Input data: Begin

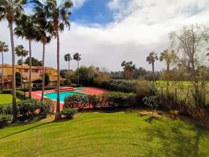 This apartment's special feature is the private pool. This apartment consists of 1 living room, 1 separate bedroom and 1 bathroom with a bath and a hairdryer. The fully equipped kitchen features a stovetop, a refrigerator, kitchenware and an oven. Featuring a balcony with garden views, this apartment also provides a washing machine and a flat-screen TV. The unit offers 3 beds.
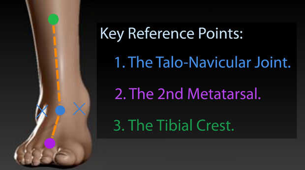 * todos estos puntos se muestran en la primera imagen! Marque cada punto como se muestra. Dibujar una línea abajo de la cresta tibial a la interseaction de los puntos de talo-navicular. Trazar una línea desde el segundo metatarsiano a este punto, bisección así.
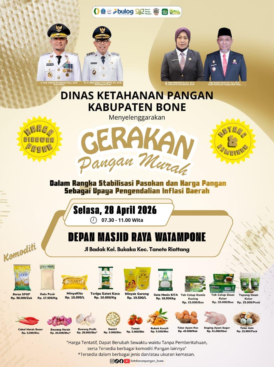 KABARTA.ID, BONE— Dinas Ketahanan Pangan Kabupaten Bone akan menggelar Gerakan Pangan Murah sebagai upaya menjaga stabilitas pasokan dan harga pangan serta menekan inflasi daerah.

Input data: End

▸ **Assigned task**:
An exact copy of every line above is needed, without the images.

▸ **Task response**:
 This apartment's special feature is the private pool. This apartment consists of 1 living room, 1 separate bedroom and 1 bathroom with a bath and a hairdryer. The fully equipped kitchen features a stovetop, a refrigerator, kitchenware and an oven. Featuring a balcony with garden views, this apartment also provides a washing machine and a flat-screen TV. The unit offers 3 beds.
 * todos estos puntos se muestran en la primera imagen! Marque cada punto como se muestra. Dibujar una línea abajo de la cresta tibial a la interseaction de los puntos de talo-navicular. Trazar una línea desde el segundo metatarsiano a este punto, bisección así.
 KABARTA.ID, BONE— Dinas Ketahanan Pangan Kabupaten Bone akan menggelar Gerakan Pangan Murah sebagai upaya menjaga stabilitas pasokan dan harga pangan serta menekan inflasi daerah.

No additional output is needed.